▸ **AVAILABLE DATA**
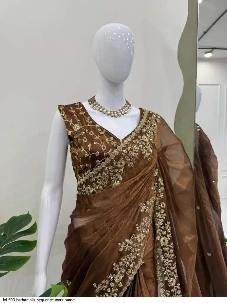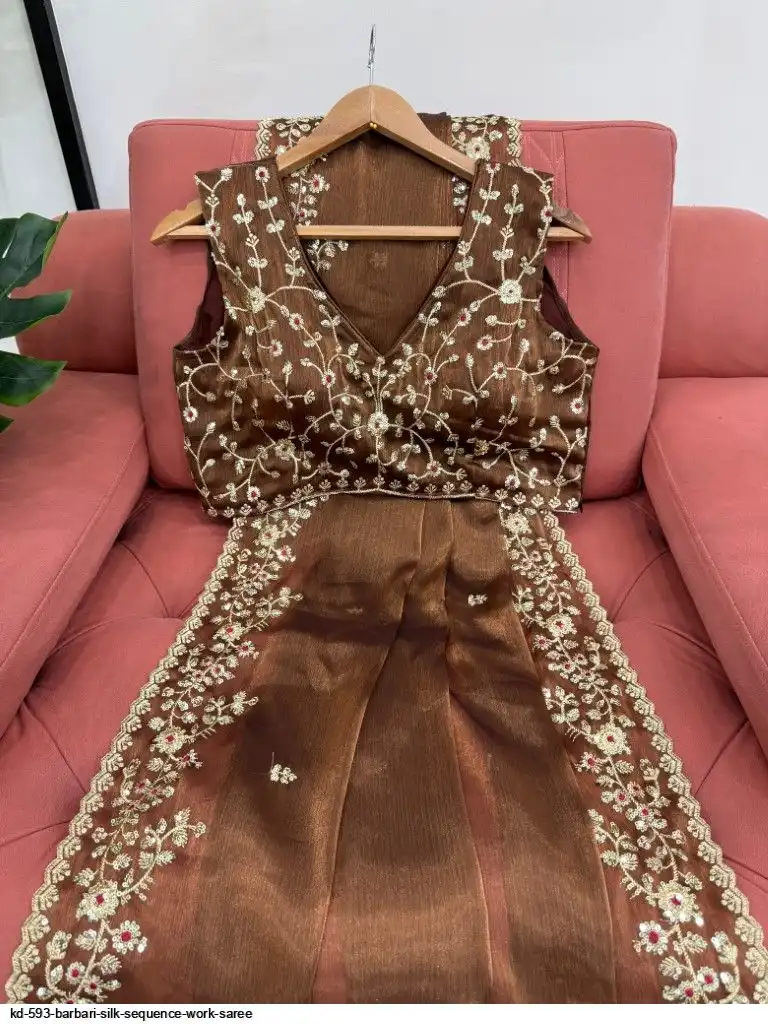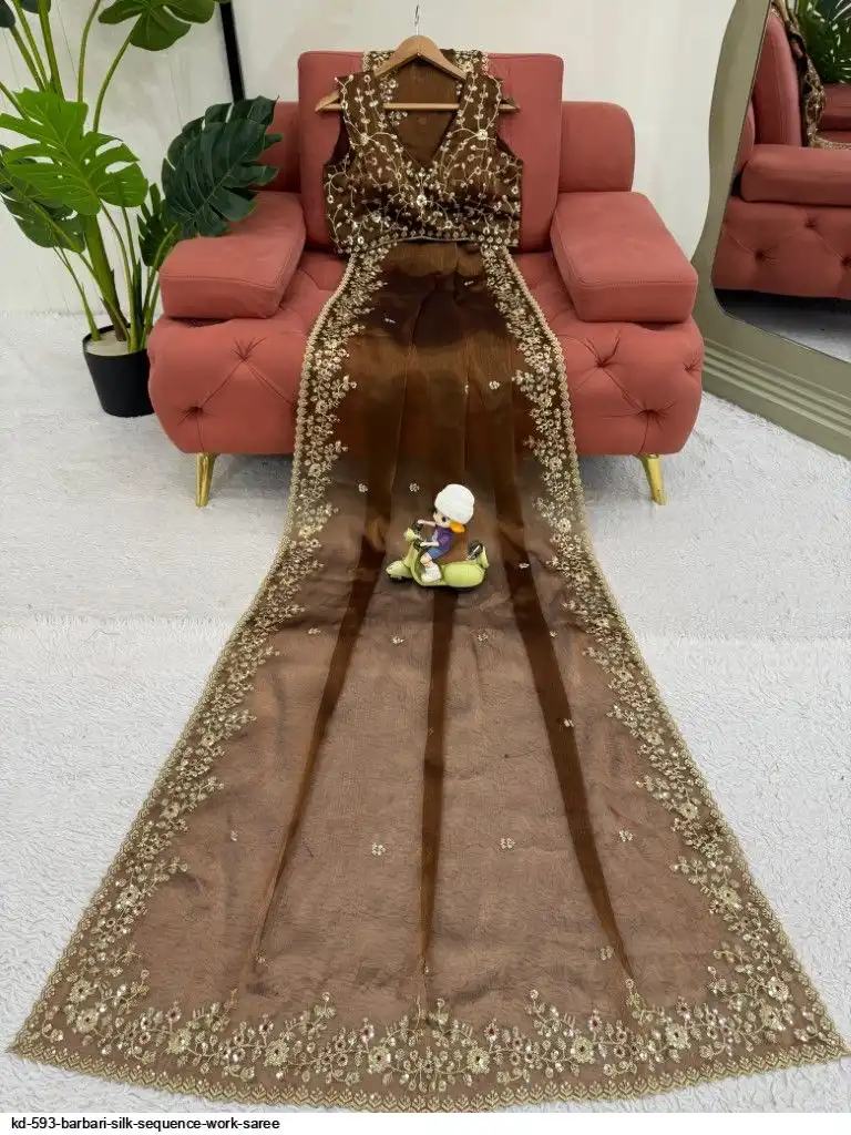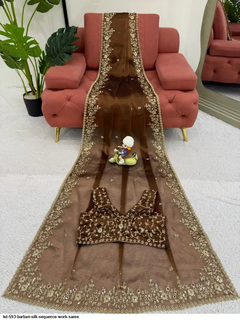 Looking some one for this same colour beautiful Designer Saree on Barbari Silk Febric with Thred & Sequnce work and blouse on also Barbari Silk Febric with Thrrd & Sequnce work.
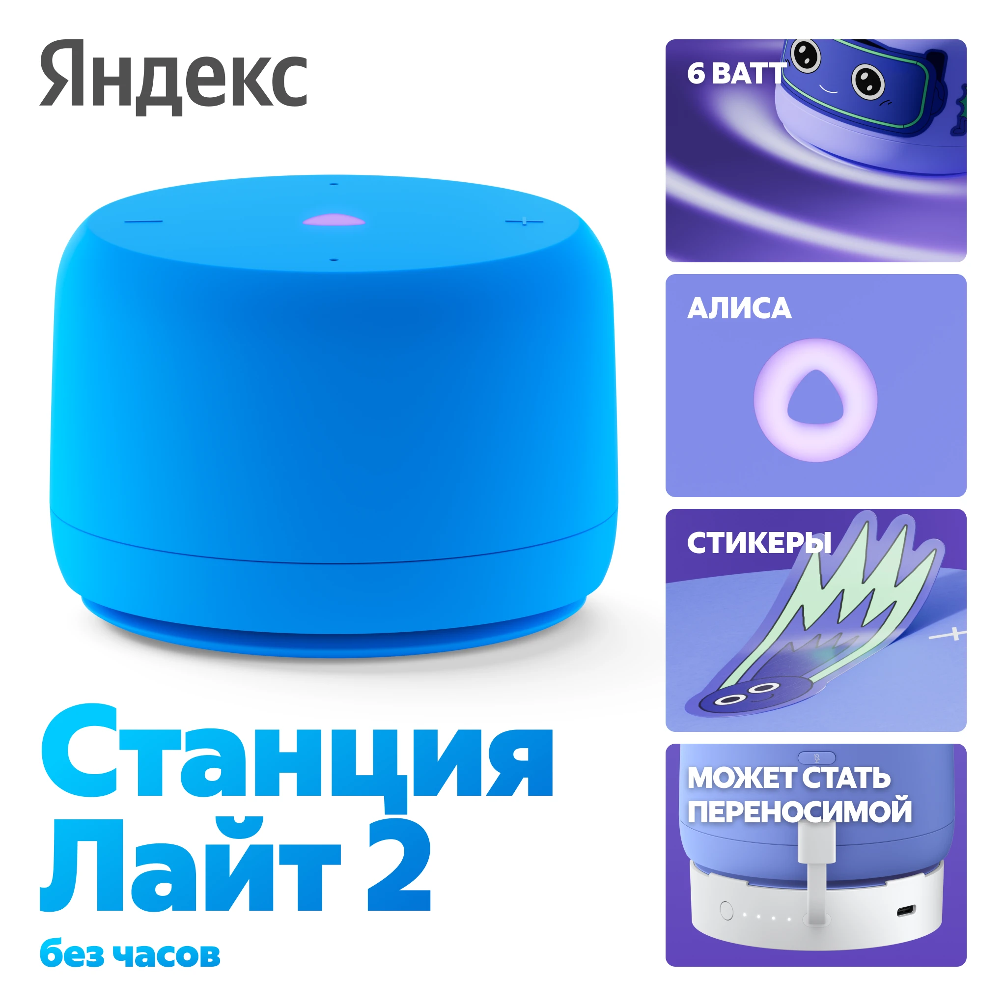 Акустическая система Яндекс.Станция Лайт 2 с Алисой (Синий, без часов)
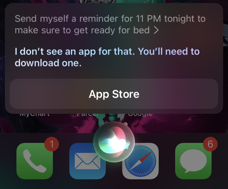 Instead Siri created a reminder with no alert notification, called "When I wake up to pack thirty cows"...

▸ **WHAT YOU WILL DO**
Print the data again, word for word, without any pictures.

▸ **WRITTEN ANSWER**
 Looking some one for this same colour beautiful Designer Saree on Barbari Silk Febric with Thred & Sequnce work and blouse on also Barbari Silk Febric with Thrrd & Sequnce work.
 Акустическая система Яндекс.Станция Лайт 2 с Алисой (Синий, без часов)
 Instead Siri created a reminder with no alert notification, called "When I wake up to pack thirty cows"...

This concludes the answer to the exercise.